PMCID: PMC7377860  PMID: 32658868

Abstract

A systematic review and meta-analysis was conducted in an attempt to systematically collect and evaluate the associations of epidemiological, comorbidity factors with the severity and prognosis of coronavirus disease 2019 (COVID-19). The systematic review and meta-analysis was conducted according to the guidelines proposed by the Preferred Reporting Items for Systematic Reviews and Meta-Analyses (PRISMA). Sixty nine publications met our study criteria, and 61 studies with more than 10,000 COVID-19 cases were eligible for the quantitative synthesis. We found that the males had significantly higher disease severity (RR: 1.20, 95% CI: 1.13-1.27, P <0.001) and more prognostic endpoints. Older age was found to be significantly associated with the disease severity and six prognostic endpoints. Chronic kidney disease contributed mostly for death (RR: 7.10, 95% CI: 3.14-16.02), chronic obstructive pulmonary disease (COPD) for disease severity (RR: 4.20, 95% CI: 2.82-6.25), admission to intensive care unit (ICU) (RR: 5.61, 95% CI: 2.68-11.76), the composite endpoint (RR: 8.52, 95% CI: 4.36-16.65,), invasive ventilation (RR: 6.53, 95% CI: 2.70-15.84), and disease progression (RR: 7.48, 95% CI: 1.60-35.05), cerebrovascular disease for acute respiratory distress syndrome (ARDS) (RR: 3.15, 95% CI: 1.23-8.04), coronary heart disease for cardiac abnormality (RR: 5.37, 95% CI: 1.74-16.54). Our study highlighted that the male gender, older age and comorbidities owned strong epidemiological evidence of associations with the severity and prognosis of COVID-19.

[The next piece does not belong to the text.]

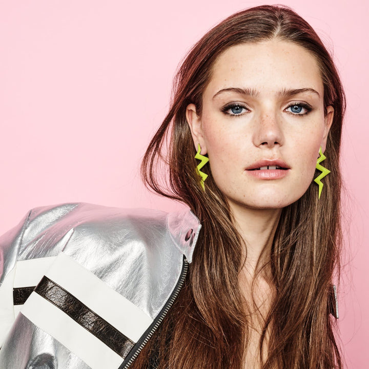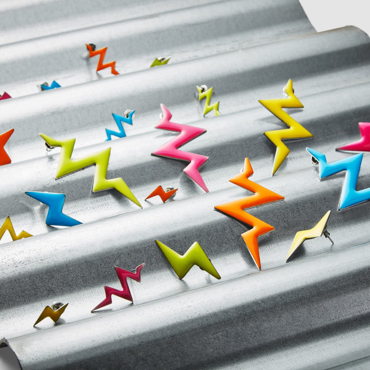These Beats - Orange Enamel by Toolally are a pulse of energy in a vibrant orange enamel. Inspired by the human heartbeat, they are designed to set pulses racing, no matter how you style them. The bubble design softens the sharp edges, giving them a dynamic, vibrant shape that's still comfortable to wear. These colorful statement earrings are lightweight and versatile, perfect for adding a bold and lively touch to any outfit.

Keywords: COVID-19, meta-analysis, SARS-Cov-2, 2019-nCoV

INTRODUCTION

Since publicly characterized as a pandemic by the World Health Organization on March 11th, 2020, the coronavirus disease 2019 (COVID-19) caused by SARS-CoV-2, has raised public concerns globally [1]. As of April 30th, 2020, it has caused 3,023,788 confirmed cases and 208,112 deaths [2]. Further, this number is expected to continue to grow rapidly for some time to come, and will threaten the lives, physical and mental health of more people worldwide [3]. To date, there are still no proven specific therapies available for COVID-19, other than supportive cares [4, 5]. It’s a matter of urgency that identifying potential factors affecting the severity and prognosis of COVID-19, and implementing individualized treatment, focused prevention and nursing.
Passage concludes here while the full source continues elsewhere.